My Highschool Sweetheart, we had been together since the summer before our sophomore year of highschool and like most teens we were madly in love yet over the next couple years nothing changed. Same love Same feelings same passion the joined us together. I had enlisted into the Army before I finished my senior year, both of us was excited too, we were going to start our lives with a strong foundation. It tore us up inside to know we had to be away from each other for the duration of Basic training but the letters bonded us even more knowing that every stroke of the pen was meaningful and endowed with trust.
Still we Loved each other, this is us during my graduation from Ft Benning. Young love is what everyone told me but I never listened I only seen her only seen the truth about love, My love. The distance remained the same as I headed off to the second phase of training but I was able to go home every chance I got just so that I could hold her in my arms, reassure her that she was the only person that mattered, we both came from torn families. Still nothing changed we could skype everyday and talk on the phone it never made me feel alone, she was always in my heart. That winter I got an engagement ring... It was beautiful and had enormous meaning to both of us. So during Christmas leave I proposed, Dec. 31 right under the stars and fireworks, lights and a gentle breeze captured the moment instilled to this day. The shock and happy tears as she said yes and we kissed, the world seemed small, true love I guess.

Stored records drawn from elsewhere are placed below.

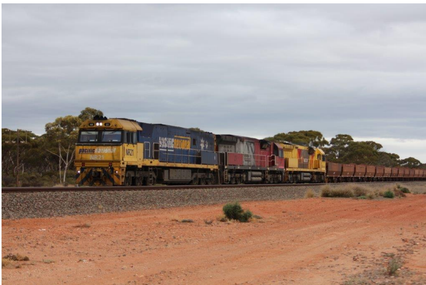
NR21, MRL003 & ACB4402 lead 7035, the leased WOE rake, onto Binduli west leg, 12 th October.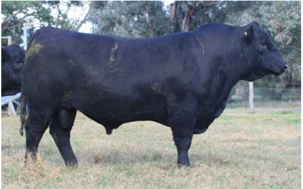
LOT 67 CASCADE RESERVE P134SV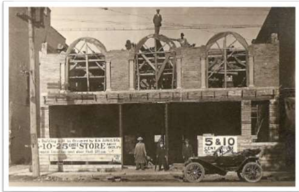
Building the DeWitt in 1914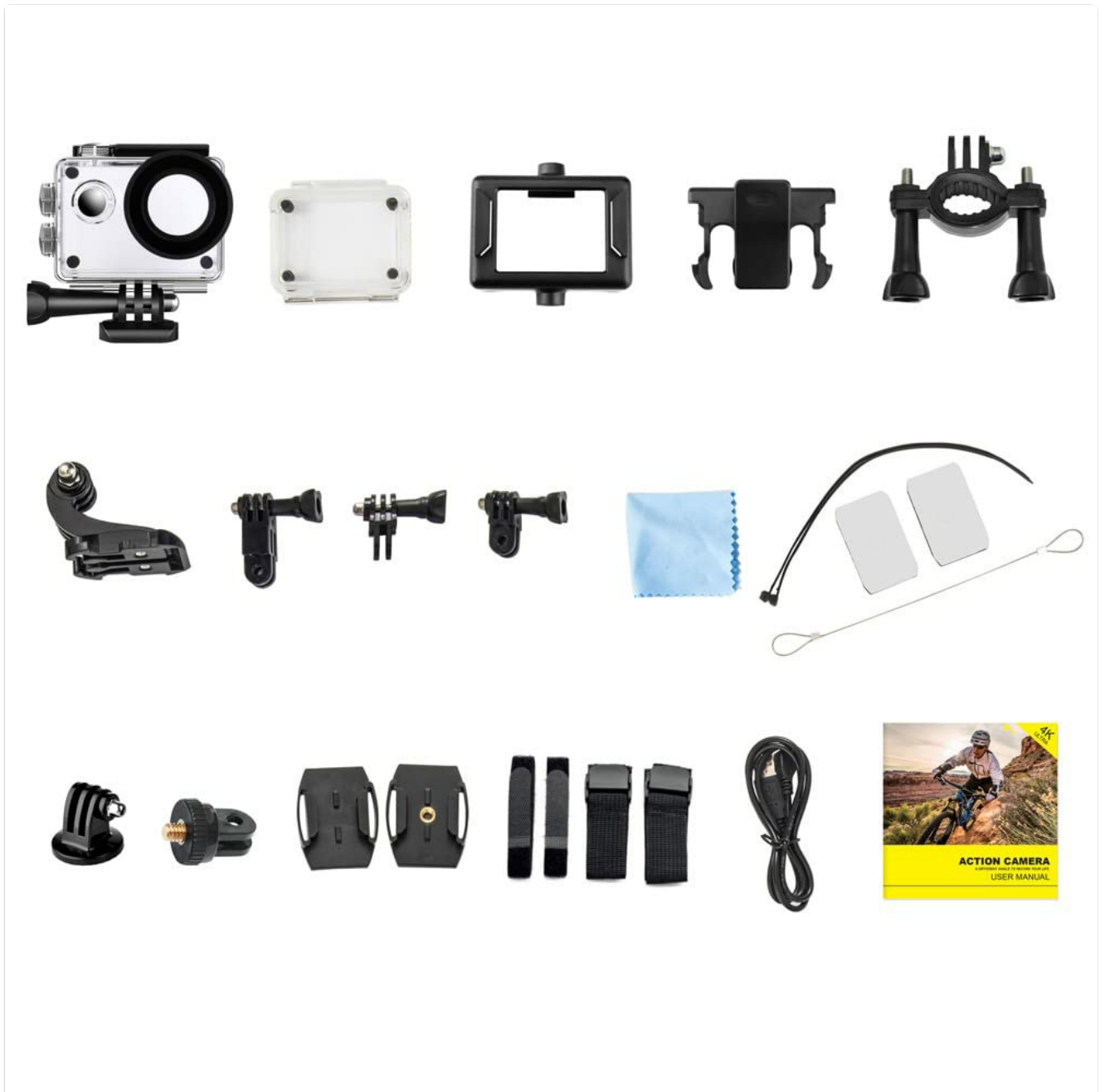
Image: A comprehensive display of all accessories included with the AUSEK 4K Action Camera, such as various mounts, straps, cables, and the waterproof case, alongside the camera itself and the user manual.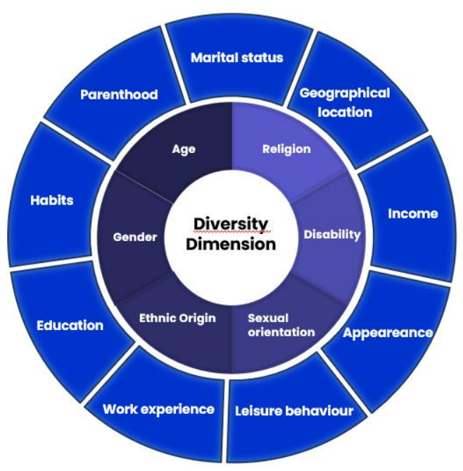
FIGURE 1 DIVERSITY DIMENSIONS

Diversity is a multi-dimensional construct composed of inner (core) dimensions, which include the well-known basic diversity dimensions, e.g. age, gender, or ethnicity, as well as external dimensions, which describe the diversity in relation to one's own environment, e.g. education, parenthood or income. All equity dimensions are equally important and can interact with each other (figure modified from ref. (Atruvia AG, 2021)).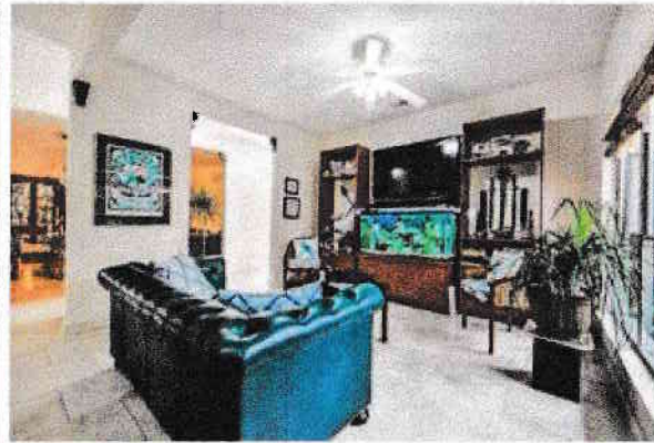
This den is magnificent! Sits off the kitchen, is sure to be the most used room in the home.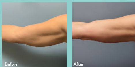
Dr. D. Kiba

For patients wanting to turn back the hands of time without any further disruptions to their daily activities, EvolveX treatments are ideal - there is no surgery, no anesthesia, no scars, and no downtime. You can return to your regular routine immediately after these total body procedures.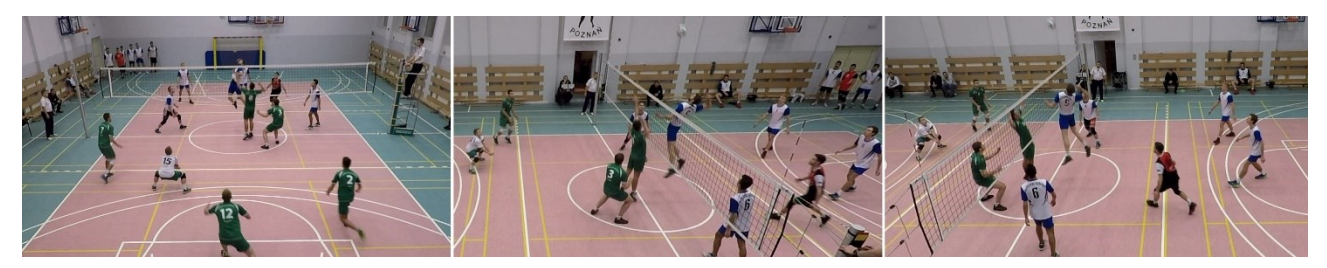
Fig. 6. Selected views after virtual zooming as requested by a viewer.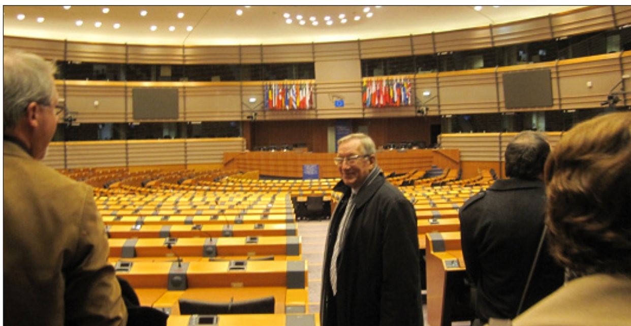
Members of the ECN visiting the plenary room of the European Parliament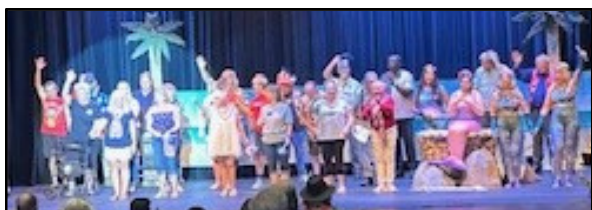
Thank you to Follies for raising over $5,000!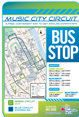
Look for the Music City Circuit bus stop sign.

Whether you're from out of town or live in the neighborhood, the Music City Circuit is the best way to get around once you're here. Frequent stops all around downtown and the Gulch make it a breeze to get to your favorite restaurants, tourist attractions, sporting events, concerts, downtown offices and condos or anywhere else in between. Just board the Green or Blue Circuit at designated stops. These two routes are simple loops, so there is no need for a schedule or large map. Simply review the information in this brochure, on the bus stop sign, online at NashvilleMTA.org or call Customer Care at 862-5950.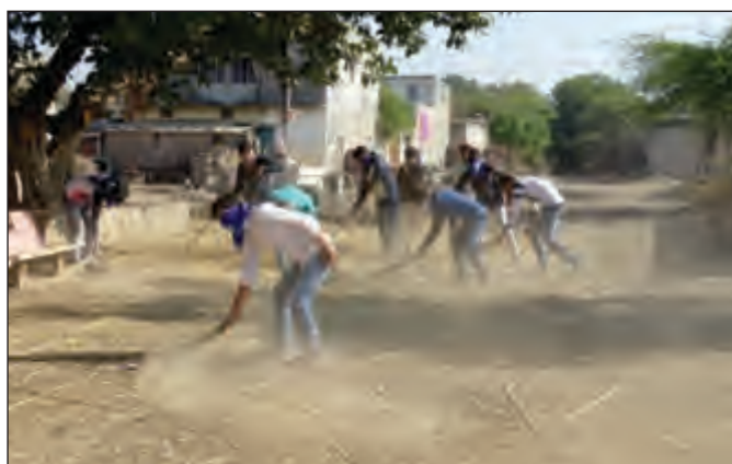
NSS Special camp at Mota Bhandariya (Amreli)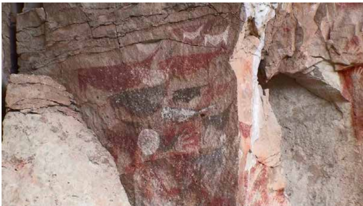
Figure 17. Cueva de las Manos, Argentina. Figura 17. Cueva de las Manos, Argentina.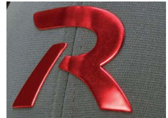
METALLIC POLY PRESS TRANSFER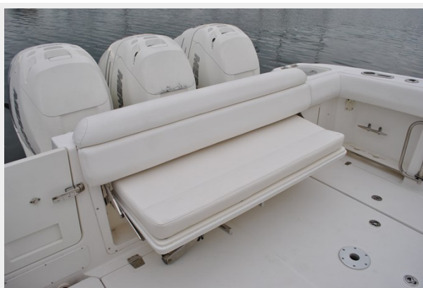
Cockpit Aft Seat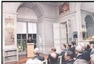
Opening of the Kosovo peace conference on 6 February 1999 (Dining room of the Chateau)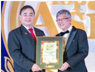
Malaysia's Top 10 Outstanding Property Developers Award 2014 with YB Datuk Ir. Dr. Wee Ka Siong Minister in Prime Minister's Department

There never has been nor will there ever be! Our intent will always be to preserve the environment We are merry without the fireworks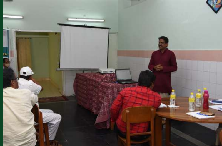
Preparation of Training Manual for Children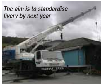
The aim is to standardise livery by next year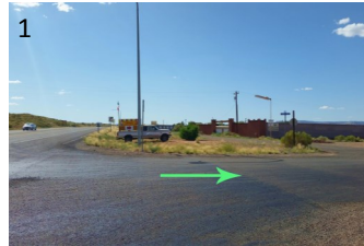
1 Turn onto Ethan Allen Way and set odometer to 0.0

From Page, drive 14.4 miles north on US 89 to Ethan Allen Way in Big Water and set your odometer to 0.0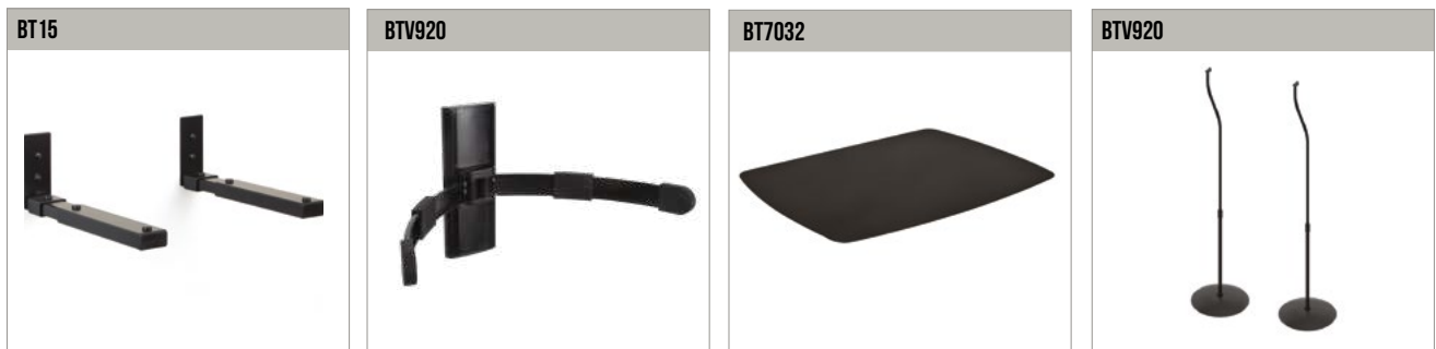
BT15 Centre Speaker Wall Mount with Adjustable Arms for speakers up to 15kg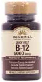
Vitamin B-12, Sublingual, Natural † Item No. 2083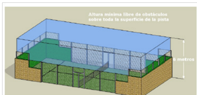
Figure 3 Enclosure Pádel track.

result, these authors have found low levels of Lithium (Li) in the concentration of urine after a match of paddle, this being an essential mineral since it is related to the energy metabolism and the regulation of the adequate function of several biological systems Bartolomé et al. 10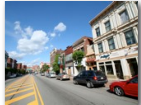
Homestead's East Eighth Avenue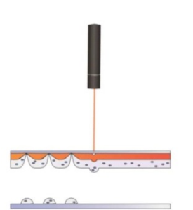
Figure 4.1. Representation of Laser-based bioprinting process.

large amount of gas pressure is generated to push biomaterial on to substrate.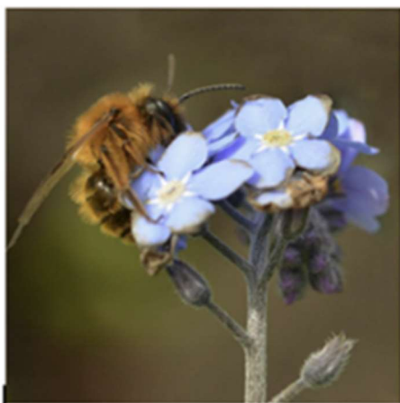
Male Buffish Mining Bee on Forget me nots

Work continues most Tuesday and Saturday mornings to improve the churchyard for both people and wildlife. We are lucky that local wildlife photographer, Nick Hollands, has been documenting the wildlife seen, including a large variety of bees.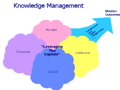
Figure 2. Leveraging KM with Balanced Scorecard

The dynamic mixing of human, intellectual, social and structural capital provides the fuel for creating and using knowledge. In this day and age when retention and recruitment are major concerns in both public and private industry, an organization’s success in leveraging its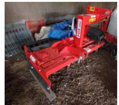
KRM 2000 power harrow £5,000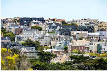
California California State Polytechnic University, Pomona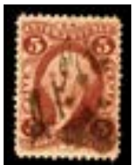
OFFER #19904 #R29c, VF OUR PRICE $21-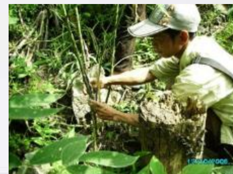
Forest conservation - Laos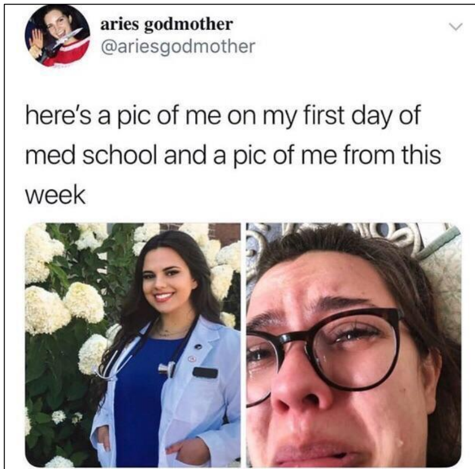
8. 'Oof [meme]' (/u/plantsandpremed 2019)

Despite the negative sentiment in the actual content of the post, comments expressing the sentiment that students who choose medicine love what they're doing received positive karma. It could be that many of the users that upvoted the post did not go into the comments to express their desire to quit, 7 or that negative sentiments are only surface-level and exaggerated for humor. Post 8, 'Oof [meme]' 8 (3.3k karma) (/u/plantsandpremed 2019), and its comments follow this pattern, presenting a dual message.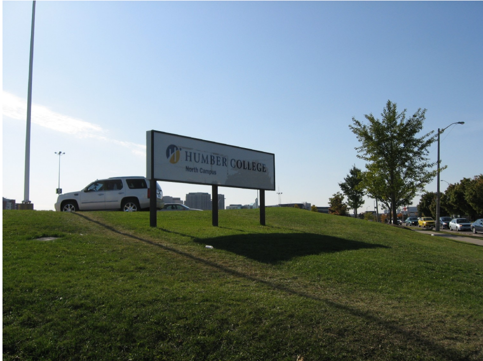
Existing sign that is to be replaced with the proposed sign.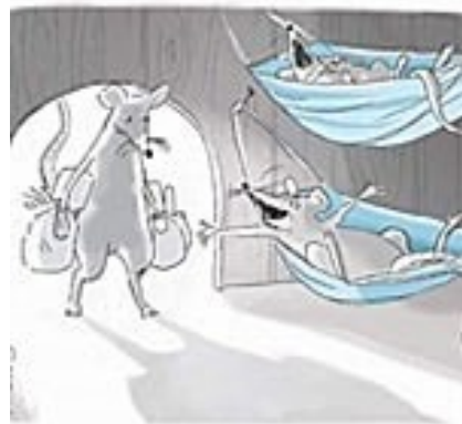
"FREE HANMOCKS, all over town. It's like a miracle!"

Everything was going great, wedding plans and how are you filled out talks everything was magical... well that was until she started hanging with someone from my small town who use to push dope. She met him through her mother who was addicted to many things and had to be bailed out of trouble more than once. I didn't want them talking and voiced my opinion but my calls were heard by ears of an angle grasped by deceit. She ignored me as our talks became shorter and she became more distant saying she was just spending time with her mother not trying to get to know the kid. Months weeks pasted as we started to get pulled further and further apart, then one day she calls crying.... saying that she sold the ring I proposed to her with so that she could get her mom out of jail... I was a fool to see through it at the time but I told her materials don't matter as long as she had her mom back... Next time I went home I thought I'd surprise her, and if you've ever seen the music video for whiskey lullaby you know what happens. I walk up to the door of her place, use the key she gave me last time I visited to open the door and silently go up to the bedroom door... I hear a giggle and slide the door open... the slight Creek echos in my mind as I see both her and him naked on her bed... I never blacked out I knew what happened as I snatch him up and proceed to break his jaw and fracture a couple of ribs. The smell of the tires on asphalt as I leave for the only reason of wanting to wake up from this nightmare. I ended things with her that day and she stayed with him... She got hooked on the meth he was dealing and has been in and out of rehab plus jail since. I never ignore her calls when she rings, I still love her. That won't change... But I honestly wish everyday that I wake up with her back in my arms and the past couple years were just a dream. Distant and vague.. there isn't a moral nor is there a lesson. But never give up hope.